Dean Spade explains the difference that people who are transgender experience when it
comes to gender. After a person has transitioned to a different gender, gender becomes a
much more complicated thing. At that point society wants to put trans people in even more of a
box. Now that they have transitioned, everything from their style, hair, movements and
mannerisms, voice, must match their transitioned gender. If it doesn’t the system becomes
disrupted and society has a harder time accepting them.
This is greatly shown when trans people are trying to convince doctors and surgeons to
perform transitioning surgeries on them. People that want the surgeries need to show proof of
why the surgery is necessary and part of their identity. Trans people that want to get surgery
are often talked down by doctors and counselors. They are told to get other cosmetic surgeries
that aren’t what they’re looking for. Spade tells how some doctors will leave scars that could’ve
been avoided out of their disagreement with the surgery. Surgeons also tend to see the surgery
as either a male or female one, it can’t just be about the change that occurs, it has a great deal
to do with a switch from one to the other. One doctor even admits to bullying his patients to
find out their gender, “The girls cry; the gays get aggressive” (Spade ,14).
Spade finishes his argument stating how “Transsexuals are in a double bind- it is
pathological not to adhere to gender norms, just as it is to adhere to them. The creation of the
image of transsexuals as exemplary adherents to gender stereotypes requires an understanding
of transsexuality that both fully accepts the medical definition of transsexual and ignores the
multiple non-norm-adhering narratives that trans people produce outside of medical context”
(Spade,17).
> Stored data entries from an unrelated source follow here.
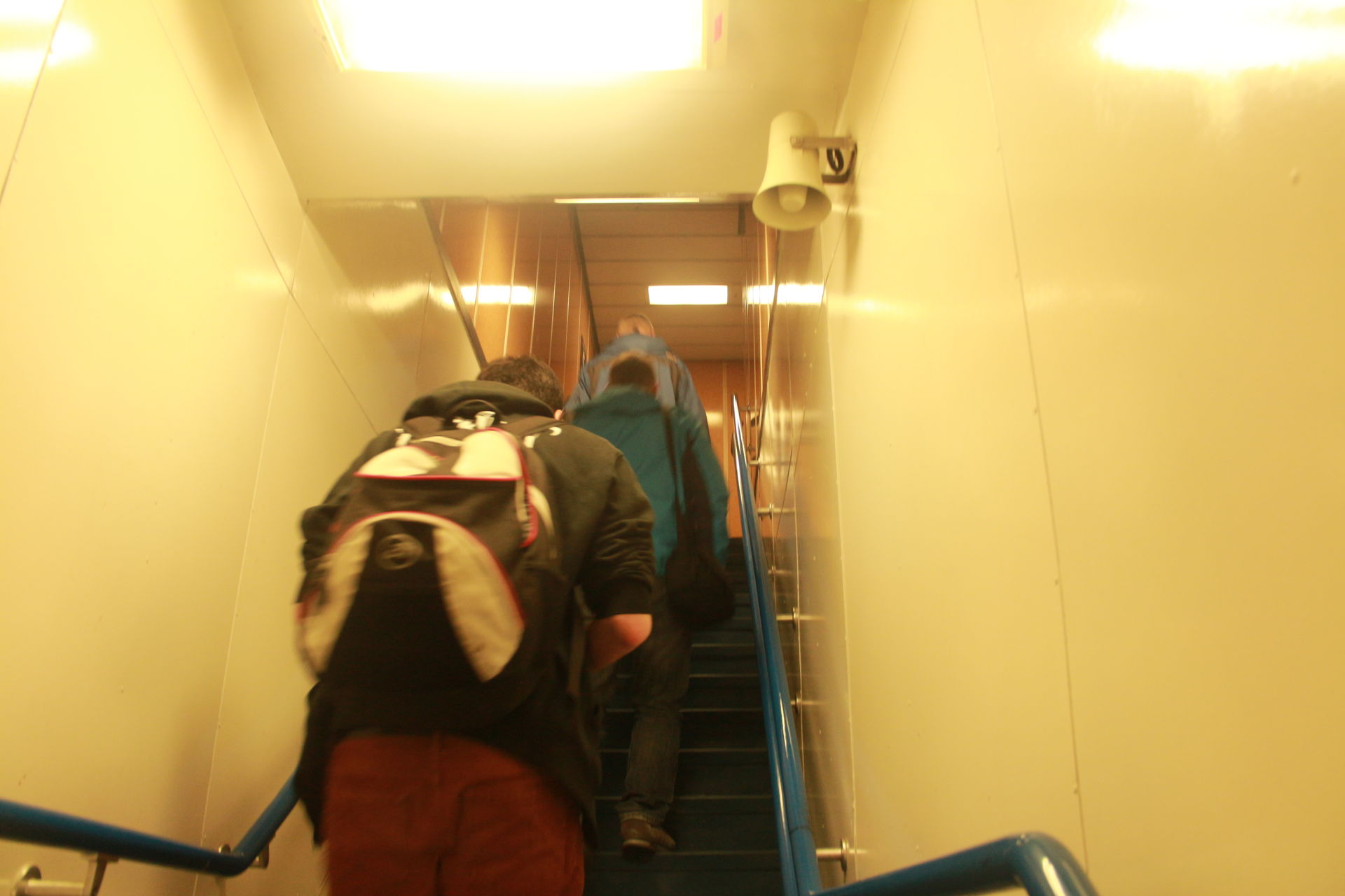 Auf der Fähre angekommen heißt es aussteigen, denn während der Überfahrt müssen alle aus ihren Fahrzeugen aussteigen und das Parkdeck verlassen.
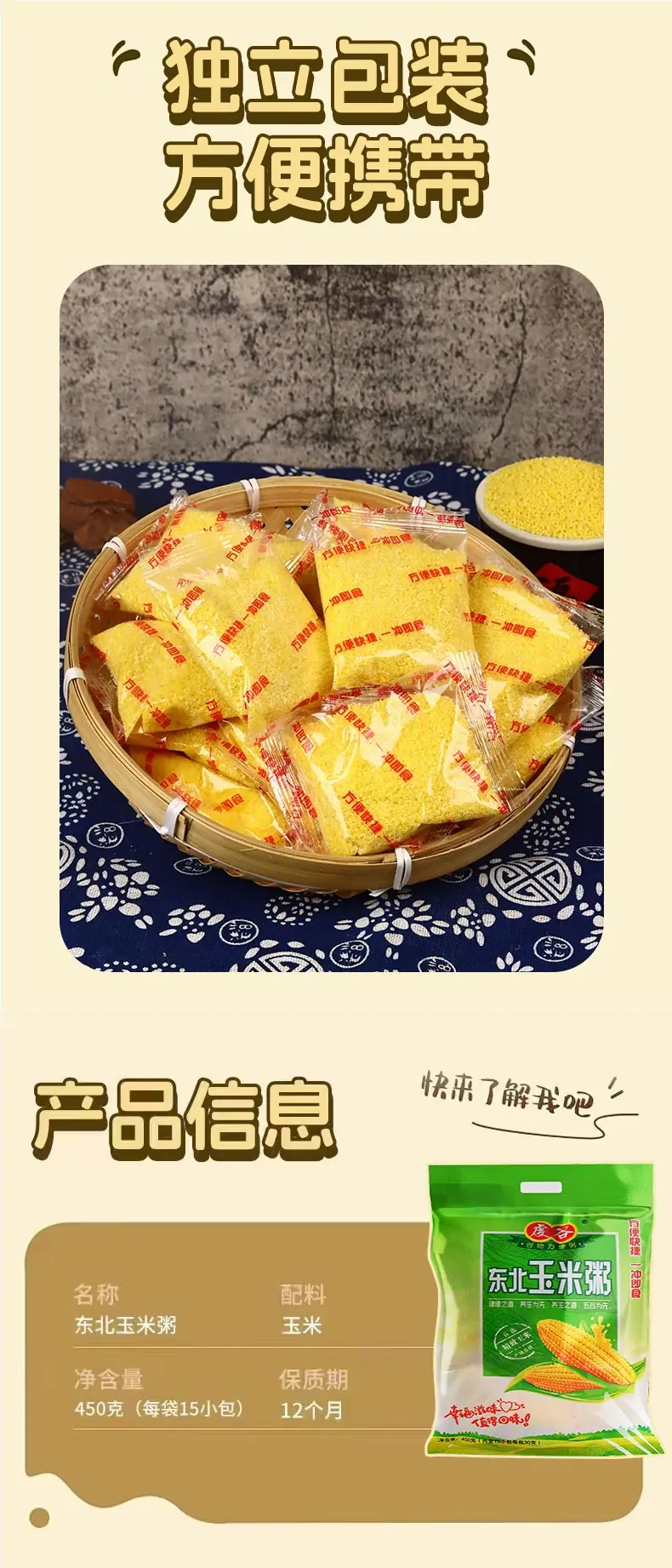 【Tmall】Pure Corn Cereal 450g*1 bag (contains 15 sachets)
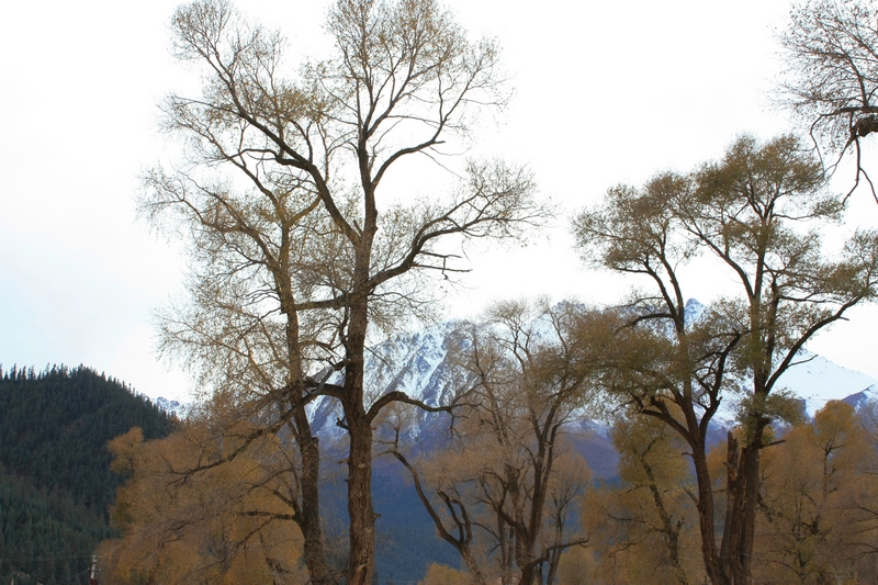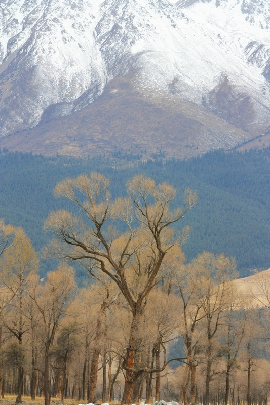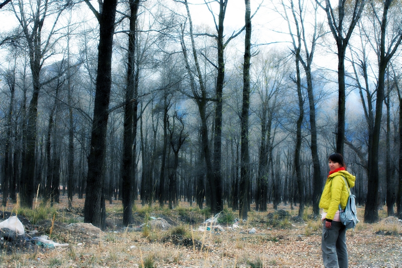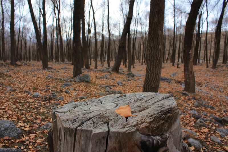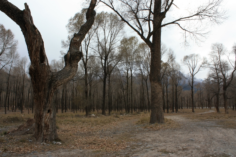 下去一看原来是一片河谷,水流很小,河谷里风很大,有片林子,树叶都落光了,剩下枝桠密密麻麻,很有意境。应该也是白杨树,村子那边向阳的地方有几棵还没有落叶,青青黄黄的叶子非常好看。

This is huge, it explains how no one gets their real definition of trans from the
people experiencing it, and that is why there is such a gap in the understanding of trans people,
the assumptions.
Both Lorber and Spade, although focused on different topics, shed a lot of light on the
fact that these concepts are heavily regulated and are very pervasive in society. Lorber shows
how limited the two genders can be, and Spade shows how people are forced into them and
prevented and punished when they try to stretch these boundaries.